Targeted fMRI-UVA has the potential to be used to minimise or remove some of the uncertainties in the fMRI pipeline. This is a process that has been used to great effect in other medical imaging fields, e.g. quantifying the differences between fibres in diffusion tensor imaging [99]. However, due to the temporal aspect of fMRI it is challenging to isolate meaningful measures at specific frames or subsets for visualisation. Moreover, other issues, such as the poor SNR and low resolution, hinder direct visualisation. Overcoming these barriers is possible and should begin with building upon existing UVA tools from other these medical imaging fields to target how the imaging uncertainties manifest in fMRI. Examples from the other medical imaging fields commonly use opacity, colour, shape and area as modifications on visualisations to compare effects of unknowns [23]. Visualisations for other data related to the brain will be a good place to start; for example, temporal neuron and EEG data, e.g. [100, 101], for exploring more into temporal uncertainties. In adapting these tools to fMRI, there will be missing information; but if data are unknown, it should be either presented in a raw form, possibly alongside a heuristic visualisation, or noted as such. This will increase cognitive load on users; however, it will also improve the outcomes of the fMRI pipeline, which still lands it on the positive side of the trade-off. Targeted methods should also be cognizant of which phase they are designed for in the fMRI pipeline and accordingly take input and create output in standard formats. This will allow them to be integrated, like the summative tools, into standardised software.

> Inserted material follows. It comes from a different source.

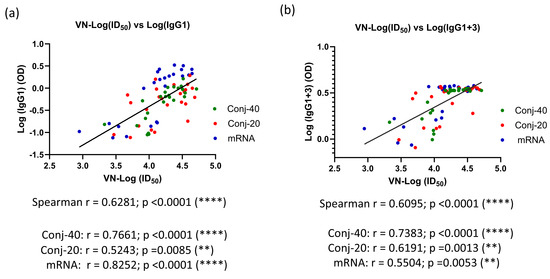 While all four IgG subclasses can inhibit viral entry into cells, cytophilic antibodies IgG1 and IgG3 are efficient in facilitating Fc-mediated activities, such as antibody-dependent cellular cytotoxicity (ADCC), antibody-dependent cellular phagocytosis (ADCP), and complement-dependent cytotoxicity (CDC) that are important for viral clearance. Although vaccination induced an initial immune response dominated by cytophilic antibodies IgG1 and IgG3, the subclass profile switched to a subclass distribution dominated by IgG2 and IgG4 during the 24-week period following the third vaccination. During this period, virus neutralization activity against the WA1 virus also decreased significantly by 4.4-fold from peak activity on day 126 (Supplementary Table S3). Correlation analysis showed a strong positive correlation between virus neutralization activity and IgG1, as well as IgG1+3, levels (Figure 7), whereas no significant correlation was observed with IgG2 and IgG4 levels. This indicates the stronger virus neutralization potential of the cytophilic antibodies IgG1 and IgG3, and their natural waning and class switching following vaccination results in the loss of vaccine-induced protection. Both conjugates and mRNA showed very similar correlations between virus neutralization activity and IgG subclass levels, demonstrating the similarity in the immune response between the two vaccines. The loss of antiviral activity is further exacerbated by escape mutations due to ongoing viral evolution, necessitating updated vaccines targeting current variants [76].

Future work into targeted approaches should be more diverse than for summative visualisations. As with the summative approach, uncertainty visual analytics research into analogous fields, such as other medical imaging domains, or fields that deal with complex 4D data, should be exploited. Similarly, more statistical methods can be combined with interactive visual tools, as current fMRI-UVA is heavily tied to FCN analysis alone. Suggested future works include:
  1. 1.

    An initial key area that should be targeted is fMRI-UVA of the temporal sequence. As discussed in Sect. 4.2, researchers are beginning to create tools for temporal uncertainties, while statistical research into the temporal data is creating techniques, such as dynamic node-based functional connectivity approach [61]. As a result, the processes surrounding temporal uncertainty in the data are reaching a level of maturity that benefits the emergence of visualisations.

     
  2. 2.

    Correspondingly, there has been recent research that attempts to adjust parcellations to better fit individual subjects, e.g. [57]. The combination of such techniques with interactive visualisation enables targeted fMRI-UVA that was not previously possible.

     
  3. 3.

    Reducing spatial heterogeneity is another target area which can benefit from statistical methods, such as ReHo [98]. Approaches can be combined with the previous application of parcellations, or they could be designed to sit earlier in the pipeline during the image acquisition and processing phase.

     
  4. 4.

    Thresholding concerns can benefit from graph topology and summarisation methods, e.g. graph decomposition [102], as these allow for comparison in small amounts of screen space.

     
  5. 5.

    Application to other processing methods, such as PCA/ICA, can use works already created for fMRI-UVA, such as volume rendering to assist with parameter selection and to elucidate potential issues in independent components analysis.

     

Targeted fMRI-UVA approaches should limit automatic statistical processing to those that are known to be accepted, or otherwise present the risks that come with the statistical analysis. These should aim to provide an ordinal, interval or ratio comparison, while highlighting where the uncertainties are. In this way, targeted solutions will be positioned to integrate into the analysis pipeline and help in uncovering the concerns surrounding fMRI.

5.3 Implications

Both summative and targeted approaches to fMRI-UVA have the potential to greatly impact the future of brain research. While all the suggested methods will increase the cognitive load on users compared to existing approaches, due to the increase in information presented and the complexity of the information, the overall benefits of presenting uncertainty information far outweigh the drawbacks of increased cognitive load. Further, as the fMRI-UVA solutions are developed, researchers will discover how they can present the information without increasing the cognitive load too much. Similarly, some of the suggested methods have not been attempted because they are challenging with fMRI data. Nonetheless, we believe that fMRI research has recently advanced to a point where the uncertainties are causing major impacts on published findings that must be resolved. Moreover, these impacts allow researchers to better understand what the uncertainties are and how they compound, thus creating a large knowledge based and in turn reducing the challenges in creating fMRI-UVA.

Declarations

Authors’ contributions

MdeR conducted the literature review and drafted the manuscript. KK provided guidance related to the visualisation aspects and tools. JK provided guidance related to the imaging aspects. All authors were involved in filtering and categorising the selected studies. All authors read and approved the final manuscript.

Acknowledgements

We have received no involvement from funding sources in the preparation or submission of this manuscript.

Competing interests

The authors declare that they have no competing interests.

Publisher’s Note

Springer Nature remains neutral with regard to jurisdictional claims in published maps and institutional affiliations.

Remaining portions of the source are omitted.